The Rigelians decide to eat the rest of the family and glaze them over giant plates with some lettuce and tomato. When Homer offers to be eaten instead, he gets put on a similar plate with the Rigelians now refusing to spare the others. The Rigelian Queen then eats Homer's severed buttock and gets fatally poisoned. It is revealed that the Simpsons are all fatally toxic to eat due to the fast food diet they eat with Lisa being considered the most toxic due to her vegetarian diet.

Following the Rigelian Queen's death, the Simpsons are sent home on a spaceship that resembles the interior of the original starship USS Enterprise. They set course to Earth, but after a call from Grampa, the family decides to go anywhere else but home.

The credits happen over a montage of several images spoofing Star Trek TV and film franchise scenes all the while set to Star Trek's closing theme by Alexander Courage.

==Production==
The episode was originally scheduled to air on May 19, 2013 as the season finale of The Simpsons season 24, but was replaced by "Dangers on a Train". As a result, the production code is older compared to the rest of season 26.

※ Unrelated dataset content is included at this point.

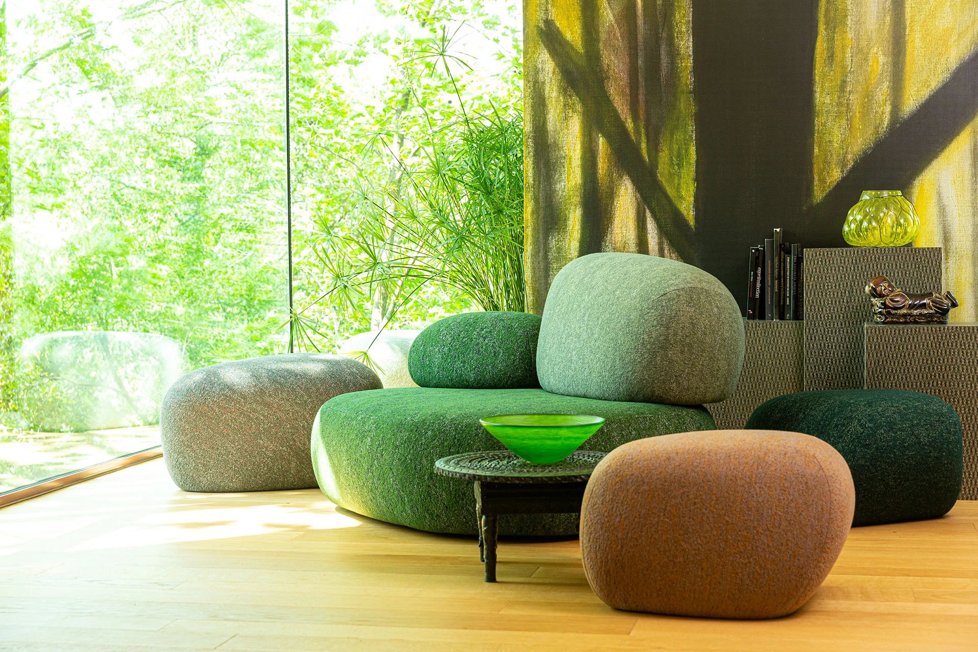 “Il nostro nuovo sistema per Moroso si ispira alle forme trovate in natura. Da bambini nella nostra nativa Svezia, il nostro parco giochi era la foresta e immaginavamo rocce, muschio e alberi caduti come mobili e luoghi in cui il corpo può riposare. Per questa collezione di posti a sedere, abbiamo scansionato in 3D le rocce che abbiamo visto durante le nostre numerose passeggiate nella foresta e abbiamo composto queste forme organiche in mobili”, condividono le designer.

Just prior to the broadcast of the episode, Al Jean and David Mirkin wrote on Twitter that the episode (which had been produced in 2012 and was originally set to air on May 19, 2013) had been held back because it was being "seriously considered" for adaptation into a sequel film of The Simpsons Movie, as the episode was "very cinematic;" they cited a similar sequence of events that occurred earlier in the show's run with the episode "Kamp Krusty." Jean also stated that he was sure reasons the episode both could and would not work as a film would occur to those that viewed the episode and later expanded that there was the fear of the potential film being considered "not canonical" with the TV series and the potential backlash of overcoming it by using a "memory wipe".

==Reception==
The episode received an audience of 10.62 million and a 4.7/13 rating/share in the 18-49 demographic, making it the most watched show on Fox that night and the show's highest rating since the twenty-fifth season episode "Steal This Episode."

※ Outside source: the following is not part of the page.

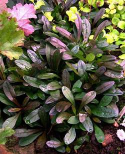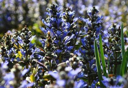 Живучка Chocolate Chips (Чоклейт Чипс). Многолетнее, неприхотливое, почвопокровное растение. Листья зимующие. Замена листьев происходит в течение весны следующего года, процесс постоянный, и поэтому малозаметный. Растение никогда не теряет своей декоративности. Цветки голубые.
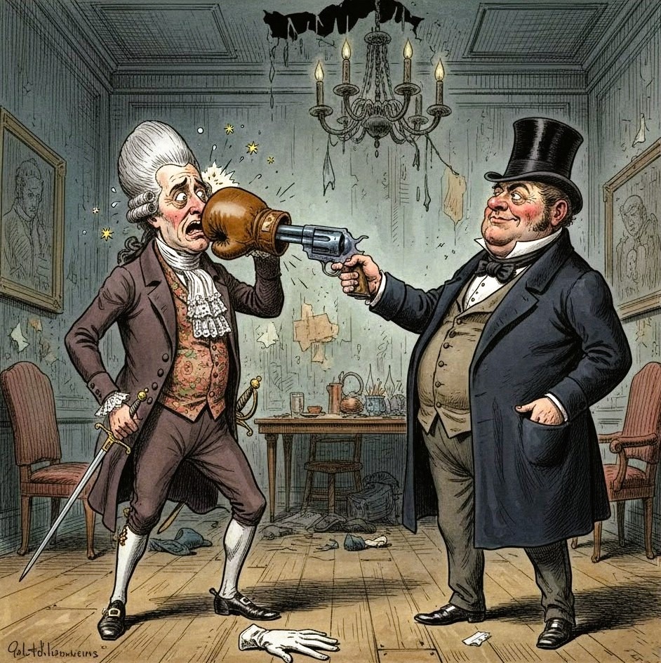 Карикатура Джеймса Гилла, размещенная в публикации, интересна и предельно саркастична. Но опустим ее художественную ценность и рассмотрим ее как эпизод конфликтной ситуации: в которой один персонаж действует «по кодексу», другой — «по результату». Белая перчатка как символ «ритуала традиционной чести» и револьвер в боксёрской перчатке как символ обхода правил — это столкновение эстетики и эффективности. В вопросах безопасности такая дилемма возникает постоянно.

Dennis Perkins of The A.V. Club gave the episode a "D+" rating, criticizing the unrealistic nature of the episode. Perkins said "It would be a lot easier to make the case that The Simpsons still has value if the people behind the show seemed to give a damn. But an episode like 'The Man Who Came to Be Dinner' is a product of such slapdash, breezy disregard for what makes The Simpsons The Simpsons that it functions as a dispiriting signpost to the show's hastening irrelevance."

In contrast, Tony Sokol of Den of Geek gave it 4.5 stars and called it "a singular highlight."

== Cultural references ==
The episode’s title is a reference to the play The Man Who Came to Dinner, later adapted into a 1942 film.

The spaceship disguised as an amusement park ride is based on an episode of the 1960s sci-fi series The Outer Limits called "Second Chance".

The performance by the Rigel Seven boys’ choir is a homage to the choir sequence in the Steven Spielberg film Empire of the Sun.

A flashback from the fourth season episode "Homer's Triple Bypass" shows the young Homer in the chorus. The producers remarked in commentary they did that scene as homage to the same film.